The basis of his work was systems theory, applied to military strategy and economics. His books On Thermonuclear War (1961) and Thinking about the Unthinkable (1962) attracted a great deal of attention and criticism and brought to public attention such phrases as "massive retaliation," "overkill," and "mutual assured destruction." Then and now, discussions of nuclear war involved controversy as to whether there was any meaningful sense in which a large-scale nuclear war could be "won" or whether "the survivors would envy the dead." In Kahn's view, a war in which the U.S. sustained ten million deaths versus one in which it sustained a hundred million should be regarded as "tragic but distinguishable outcomes."
Kahn also engaged with the question of the practical politics of a Doomsday Machine -- a computer attached to a cache of thermonuclear weapons which could automatically trigger in the event of a nuclear attack and purposely coat the planet in nuclear fallout. Building such a weapon would be, in Kahn's mind, impractical, dangerous, and foolish, but he used the idea as an analogy to the state of Europe at the time, where NATO troops, despite their conventional military appearance, were, in Kahn's formulation, a mere tripwire for an all-out nuclear war.

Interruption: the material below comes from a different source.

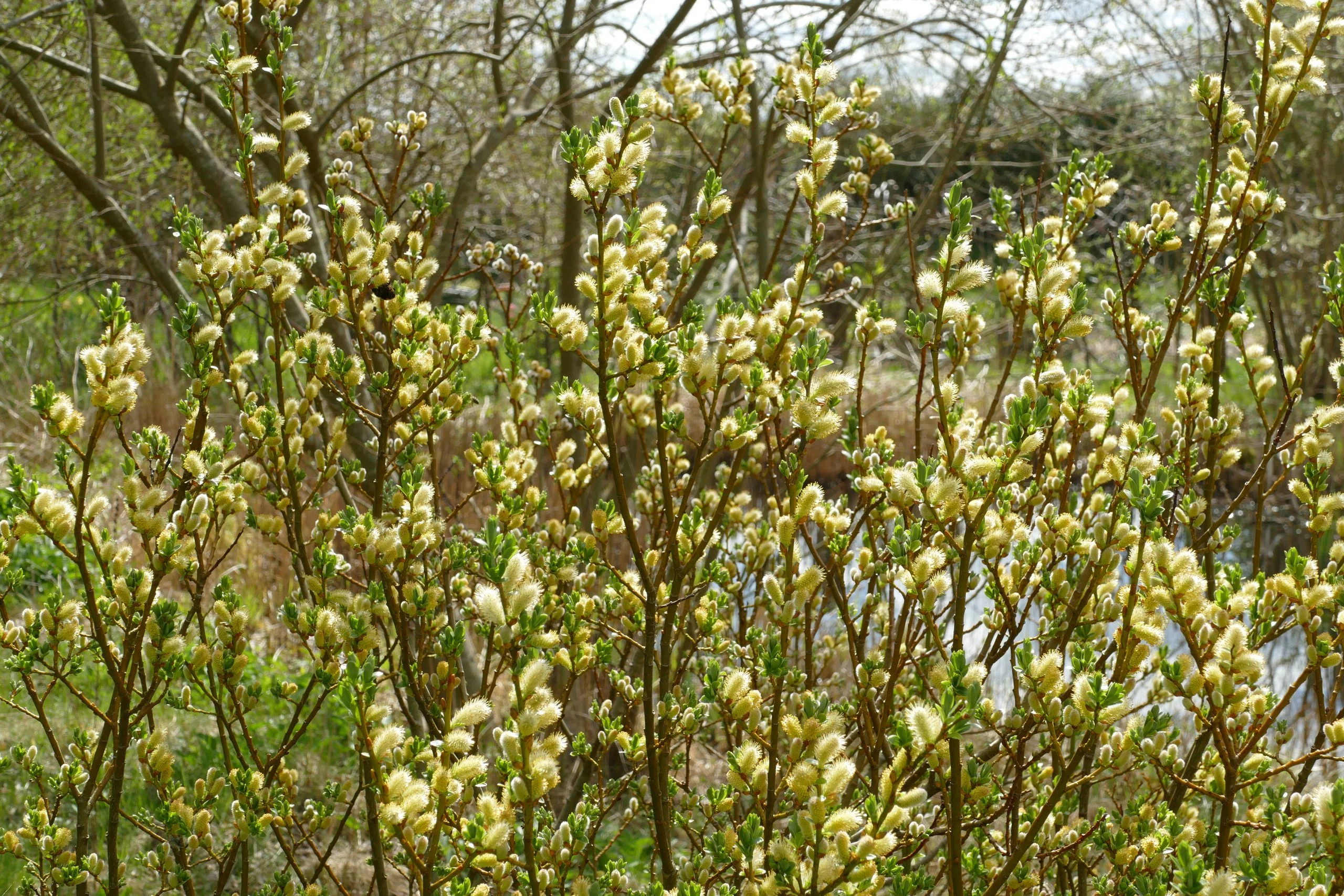 Endlich haben wir 12 Grad und Sonne. Die kleinbleibende Weide Salix bicolor ´Xantha´ ist aufgeblüht. Die Kätzchen locken viele Wildbienen an. Heute habe ich 3 verschiedene Arten gleichzeitig gesehen. Mein Wildbienen-Spezialist schreibt mir hoffentlich noch, welche es waren. So kann ich jedes Jahr neue Wildbienen bestimmen lernen. Nach und nach möchte ich einige davon vorstellen, die Sie auch im eigenen Garten beobachten könnten.

Aside from the very dramatic works on nuclear strategy, he wrote several works on systems theory and futurism, including the well received work, "Techniques in System Theory," and a number of books extrapolating the future of the U.S., Japanese and Australian economies.
In 1961 Kahn, along with Max Singer and Oscar Ruebhausen, founded the Hudson Institute, a policy research organization located in Croton-on-Hudson, New York. The organization challenged the pessimism of left-wing groups like the Club of Rome. The 1976 book The Next 200 Years, written by Kahn with William Brown and Leon Martel, presented an optimistic scenario of economic conditions in the year 2176.
He was reportedly a model for Dr. Strangelove from Stanley Kubrick's film of the same name released in 1964. Walter Matthau's character in Fail-Safe was also based on Herman Kahn.
References
- Fred Kaplan, The Wizards of Armageddon, (Stanford Nuclear Age Series), ISBN 0804718849
- Sharon Ghamari-Tabrizi, The Worlds of Herman Kahn : The Intuitive Science of Thermonuclear War, (Harvard University Press), ISBN 0674017145
- Herman Kahn, Jerome Agel Herman Kahnsciousness;: The megaton ideas of the one-man think tank, (New American Library)
- B Bruce-Briggs, Supergenius: The mega-worlds of Herman Kahn, (North American Policy Press)
- Kate Lenkowsky, The Herman Kahn Center of the Hudson Institute, (Hudson Institute)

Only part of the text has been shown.